Give the listing again word for word. Skip the pictures.

----- GIVEN DATA -----

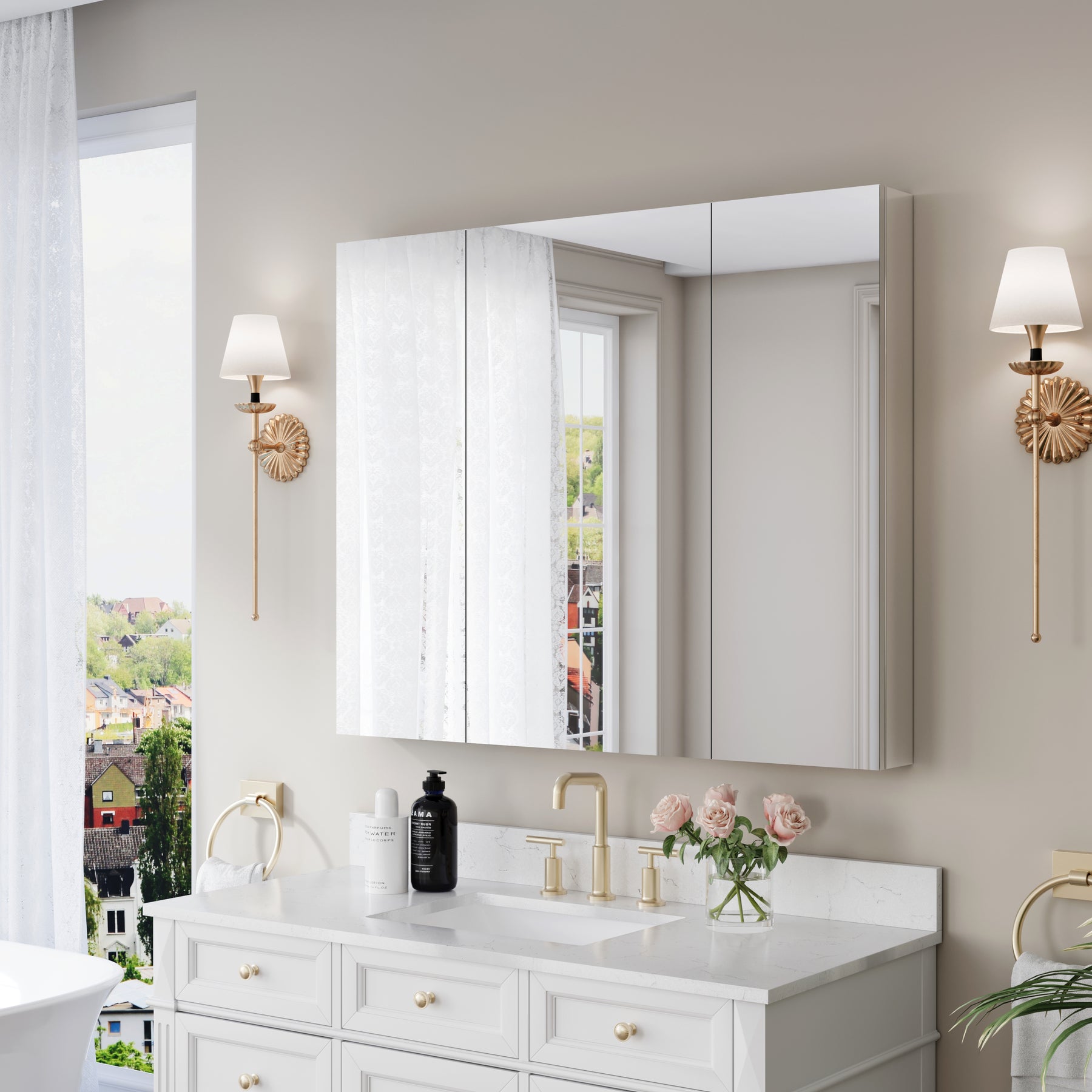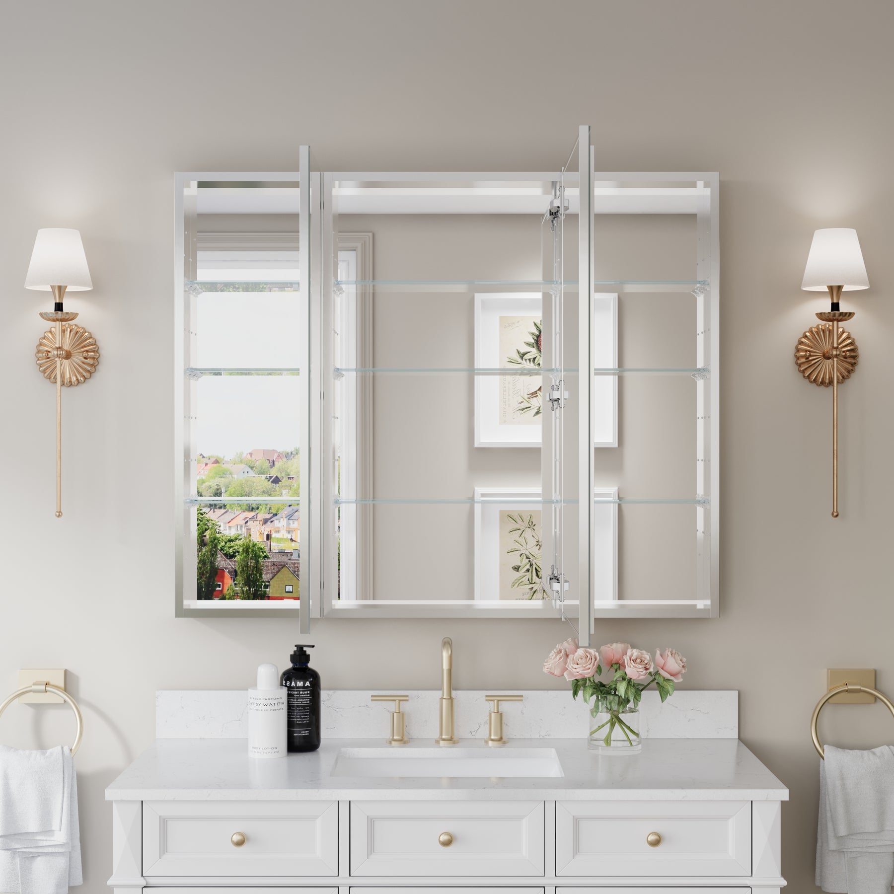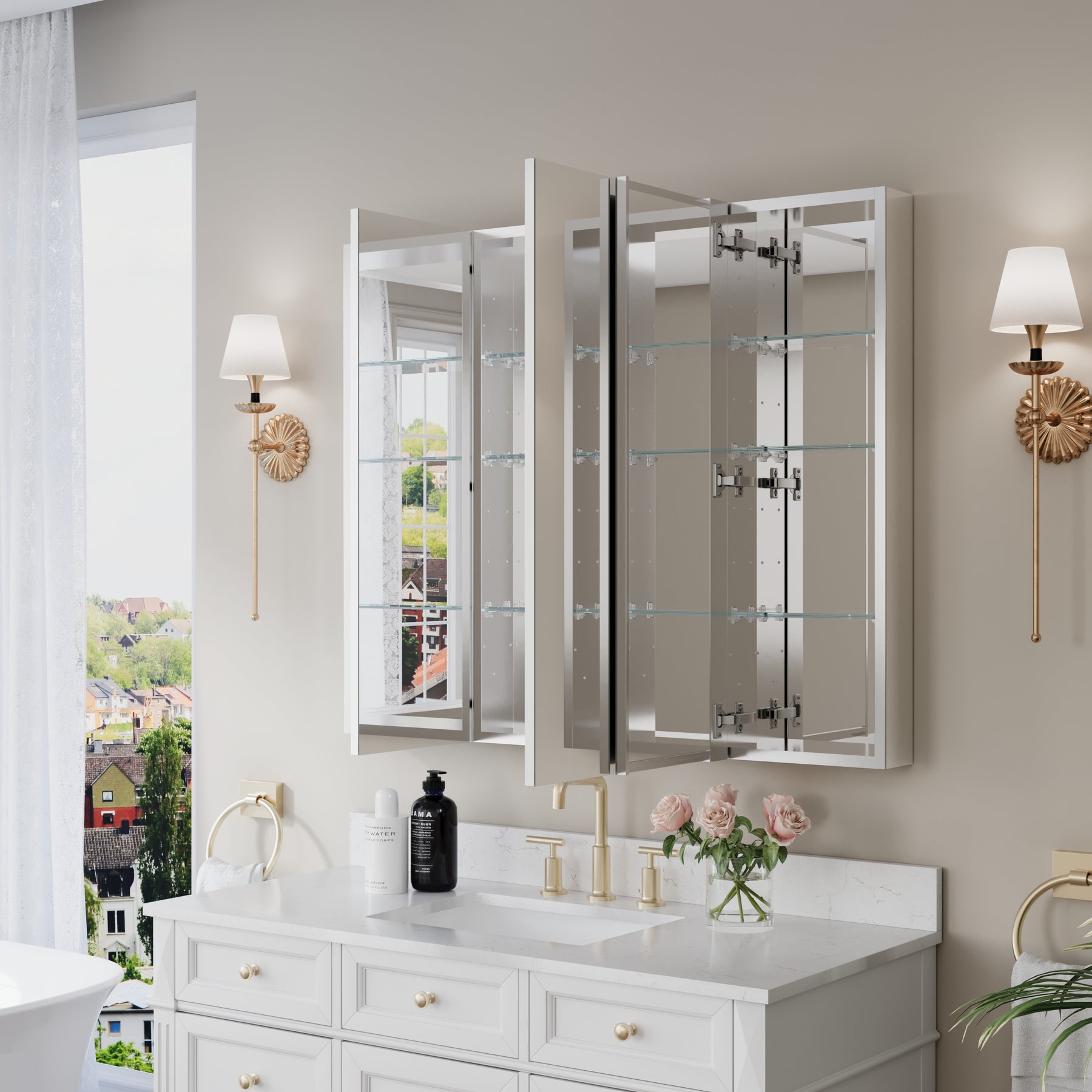 44 in. ×36 in. Copper-Free Tri-Views Mirror Medicine Cabinet with Adjustable Shelves and 3 Doors
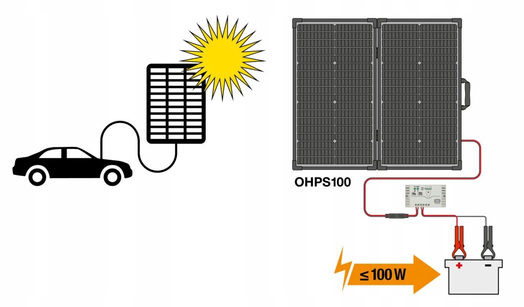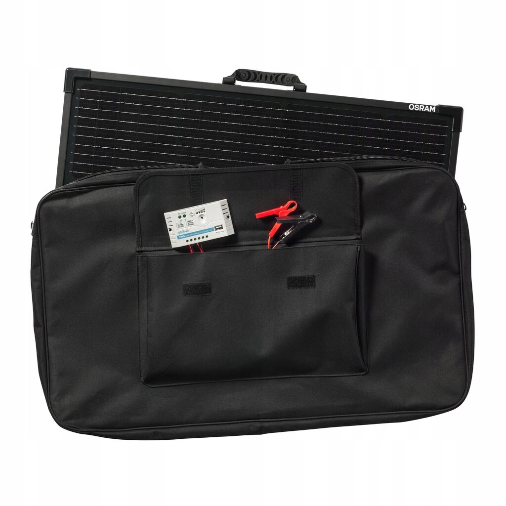 OSRAM BATTERYcharge SOLAR 100 Вт — це ефективна портативна сонячна панель, розроблена для заряджання та обслуговування акумуляторів 12 В, які використовуються в туризмі.
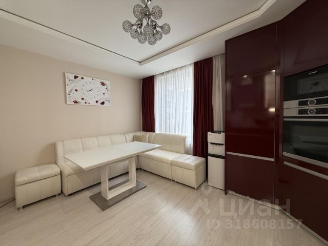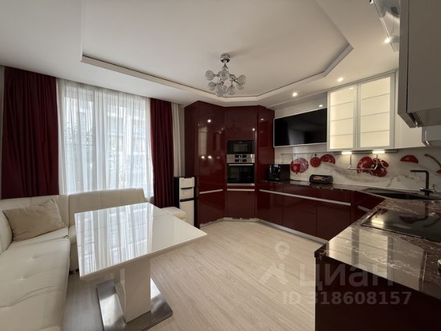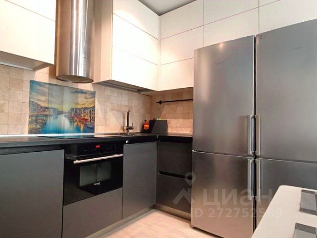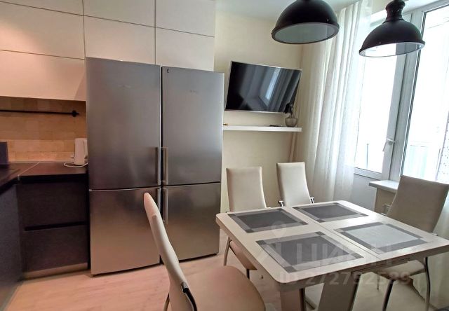 На кухне новая мебель с доводчиками, раздвижной стеклянный стол, большой новый холодильник No Frost, СВЧ, газовая панель на 2 конфорки с электроподжигом, электр. духовой шкаф, вытяжка, ЖК телевизор, шторы "блэкаут".
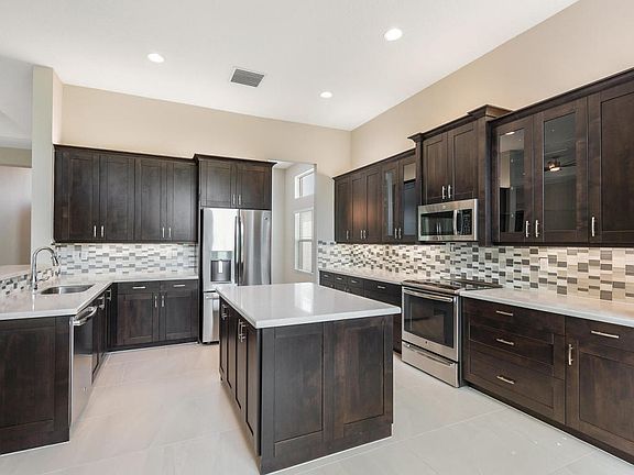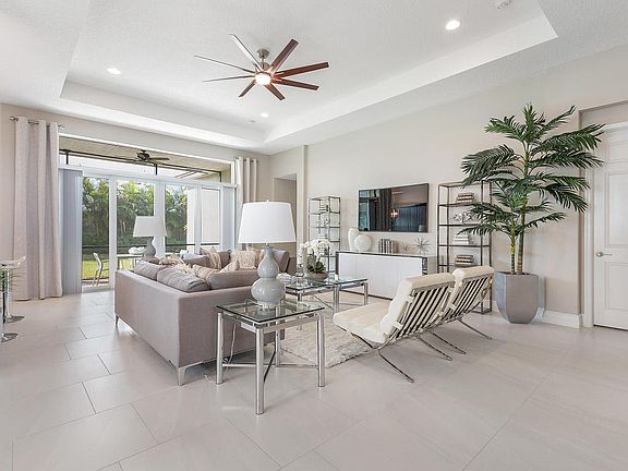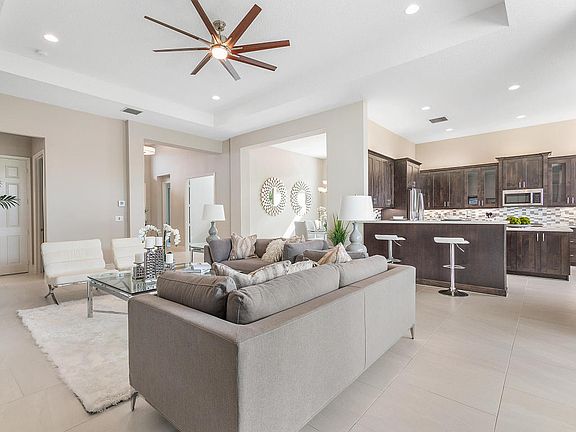 FURNISHED - Valencia Bay, Lot 102. Builder new construction quick delivery home with Impact glass windows. Price includes 60,000 in builder upgrades, free furniture and an additional $2,500 discount. Upgrades include additional recessed lights, 24x24 tile floors with brick lay design, Cosmopolitan White Ceasarstone quartz counter tops in the kitchen, with Dark Roast Fairhaven Alder cabinets and a glass tile backsplash. The master bath includes Nouget Ceasarstone quartz counter tops and Frosty White Lexington Maple cabinets. Vignette package includes custom paint, window treatments and ceiling fans. Call for a full list of upgrades. Additional closing cost incentives may apply. Incentives may change at any time. Note:Some photos are artist renderings. Virtual Tour is builder's model home
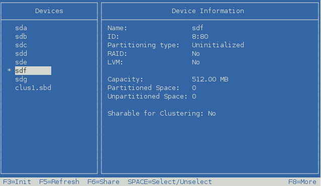 Visually verify that the device was initialized and the specified partition type is displayed.
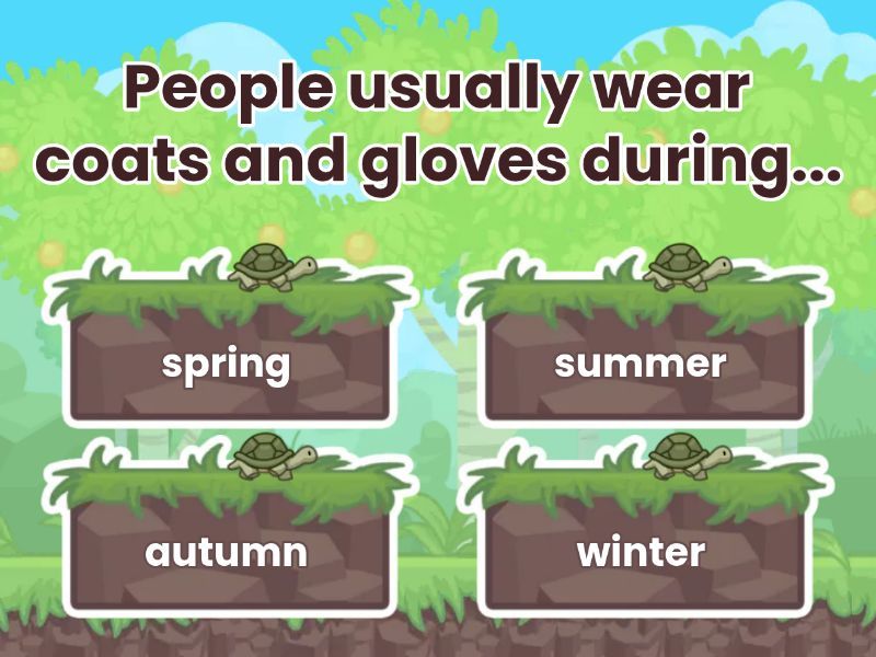 1) People usually wear coats and gloves during... a) spring b) summer c) autumn d) winter 2) The season when leaves turn yellow, red, or brown and begin to fall is a) Summer b) Spring c) Dry d) Fall 3) On a rainy day, people use a ____ a) Sunglasses b) Umbrella c) Cap d) Scraf 4) I am studying English ____ I am not writing now. a) nor b) but c) and d) because 5) We are watching a movie ____ eating popcorn. a) so b) and c) but d) or 6) He is cleaning his room ____ listening to music. a) or b) nor c) but d) and 7) Are you studying now? a) Yes, I am b) Yes, you are c) No, they're not d) No, he is not 8) Are they watching a movie? a) No, she is not b) No, they are not c) Yes, we are d) Yes, they are 9) I want the ____ T-shirt. a) blue b) grey c) purple d) dark blue 10) She is wearing a ____ dress today. a) green b) white c) orange d) yellow 11) We are choosing ____ bags for school. a) pink b) blue c) black d) red 12) What job is this? a) Doctor b) Dentist c) Farmer d) Nurse 13) A ____ serves food and drinks in a café or restaurant. a) waiter b) chef c) cashier d) driver 14) A ____ protects people and keeps the city safe. a) artist b) police officer c) singer d) referee 15) What's his job? a) journalist b) accountant c) security d) postman 16) Today is Friday. What day was yesterday? a) Thursday b) Saturday c) Wednesday d) Monday 17) Today is Tuesday. What day is two days before Tuesday? a) Tuesday b) Sunday c) Monday d) Friday 18) If today is Wednesday, what day is tomorrow? a) Wednesday b) Thursday c) Saturday d) Weekday 19) When do you study English? a) Because I like it b) With my friends c) On Wednesday d) In the classroom 20) Where does Roni work? a) On Monday b) At the hospital c) A doctor d) Because he likes it 21) What does your father do? a) He is a driver b) At 7 a.m. c) In Jakarta d) On Sunday 22) My mother is very _____. She always smiles. a) tall b) happy c) hungry d) late 23) The weather is ____ today. Let’s go outside! a) hungry b) busy c) sunny d) long 24) The singer's job is creative. Change the sentence form! a) A singer has a creative job b) A singer job has creative c) A job as singer is creative d) Creative job is singer 25) My book is colorful. Change the sentence form! a) Our book is colorful b) My colorful book c) I have a colorful book d) Colorful book is us 26) It is hot today, but she ______ a jacket. a) wears b) is wearing c) wearing d) is wear 27) Where does a nurse usually work? a) In hospital b) In office c) On 8 a.m. d) Yesterday 28) “What do you do?” — “_____.” a) I'm at school b) I'm fine, thank you c) I work as a teacher d) I am a studying 29) “Are you wearing your red shoes today?” — “_____, I’m wearing the black ones.” a) Yes, I am b) Yes, I'm not c) No, I'm not d) No, I am 30) She always wears a _____ jacket in winter. a) warm b) warming c) warmly d) warmed
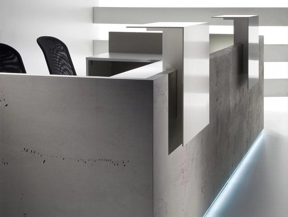 Ovaj recepcijski pult karakterizira pojednostavljena struktura za kombiniranje estetike i funkcionalnosti. Prijemna jedinica ima staklenu prednju stranu zajedno s LED svjetlima ugrađenim u postolje što daje estetsku privlačnost.
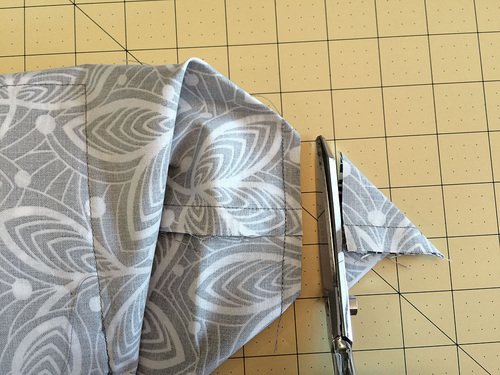 - Flatten and double stitch the corners, using a ½” seam allowance or stitching along your drawn guideline.

-----

### EXERCISE RESPONSE
 44 in. ×36 in. Copper-Free Tri-Views Mirror Medicine Cabinet with Adjustable Shelves and 3 Doors
 OSRAM BATTERYcharge SOLAR 100 Вт — це ефективна портативна сонячна панель, розроблена для заряджання та обслуговування акумуляторів 12 В, які використовуються в туризмі.
 На кухне новая мебель с доводчиками, раздвижной стеклянный стол, большой новый холодильник No Frost, СВЧ, газовая панель на 2 конфорки с электроподжигом, электр. духовой шкаф, вытяжка, ЖК телевизор, шторы "блэкаут".
 FURNISHED - Valencia Bay, Lot 102. Builder new construction quick delivery home with Impact glass windows. Price includes 60,000 in builder upgrades, free furniture and an additional $2,500 discount. Upgrades include additional recessed lights, 24x24 tile floors with brick lay design, Cosmopolitan White Ceasarstone quartz counter tops in the kitchen, with Dark Roast Fairhaven Alder cabinets and a glass tile backsplash. The master bath includes Nouget Ceasarstone quartz counter tops and Frosty White Lexington Maple cabinets. Vignette package includes custom paint, window treatments and ceiling fans. Call for a full list of upgrades. Additional closing cost incentives may apply. Incentives may change at any time. Note:Some photos are artist renderings. Virtual Tour is builder's model home
 Visually verify that the device was initialized and the specified partition type is displayed.
 1) People usually wear coats and gloves during... a) spring b) summer c) autumn d) winter 2) The season when leaves turn yellow, red, or brown and begin to fall is a) Summer b) Spring c) Dry d) Fall 3) On a rainy day, people use a ____ a) Sunglasses b) Umbrella c) Cap d) Scraf 4) I am studying English ____ I am not writing now. a) nor b) but c) and d) because 5) We are watching a movie ____ eating popcorn. a) so b) and c) but d) or 6) He is cleaning his room ____ listening to music. a) or b) nor c) but d) and 7) Are you studying now? a) Yes, I am b) Yes, you are c) No, they're not d) No, he is not 8) Are they watching a movie? a) No, she is not b) No, they are not c) Yes, we are d) Yes, they are 9) I want the ____ T-shirt. a) blue b) grey c) purple d) dark blue 10) She is wearing a ____ dress today. a) green b) white c) orange d) yellow 11) We are choosing ____ bags for school. a) pink b) blue c) black d) red 12) What job is this? a) Doctor b) Dentist c) Farmer d) Nurse 13) A ____ serves food and drinks in a café or restaurant. a) waiter b) chef c) cashier d) driver 14) A ____ protects people and keeps the city safe. a) artist b) police officer c) singer d) referee 15) What's his job? a) journalist b) accountant c) security d) postman 16) Today is Friday. What day was yesterday? a) Thursday b) Saturday c) Wednesday d) Monday 17) Today is Tuesday. What day is two days before Tuesday? a) Tuesday b) Sunday c) Monday d) Friday 18) If today is Wednesday, what day is tomorrow? a) Wednesday b) Thursday c) Saturday d) Weekday 19) When do you study English? a) Because I like it b) With my friends c) On Wednesday d) In the classroom 20) Where does Roni work? a) On Monday b) At the hospital c) A doctor d) Because he likes it 21) What does your father do? a) He is a driver b) At 7 a.m. c) In Jakarta d) On Sunday 22) My mother is very _____. She always smiles. a) tall b) happy c) hungry d) late 23) The weather is ____ today. Let’s go outside! a) hungry b) busy c) sunny d) long 24) The singer's job is creative. Change the sentence form! a) A singer has a creative job b) A singer job has creative c) A job as singer is creative d) Creative job is singer 25) My book is colorful. Change the sentence form! a) Our book is colorful b) My colorful book c) I have a colorful book d) Colorful book is us 26) It is hot today, but she ______ a jacket. a) wears b) is wearing c) wearing d) is wear 27) Where does a nurse usually work? a) In hospital b) In office c) On 8 a.m. d) Yesterday 28) “What do you do?” — “_____.” a) I'm at school b) I'm fine, thank you c) I work as a teacher d) I am a studying 29) “Are you wearing your red shoes today?” — “_____, I’m wearing the black ones.” a) Yes, I am b) Yes, I'm not c) No, I'm not d) No, I am 30) She always wears a _____ jacket in winter. a) warm b) warming c) warmly d) warmed
 Ovaj recepcijski pult karakterizira pojednostavljena struktura za kombiniranje estetike i funkcionalnosti. Prijemna jedinica ima staklenu prednju stranu zajedno s LED svjetlima ugrađenim u postolje što daje estetsku privlačnost.
 - Flatten and double stitch the corners, using a ½” seam allowance or stitching along your drawn guideline.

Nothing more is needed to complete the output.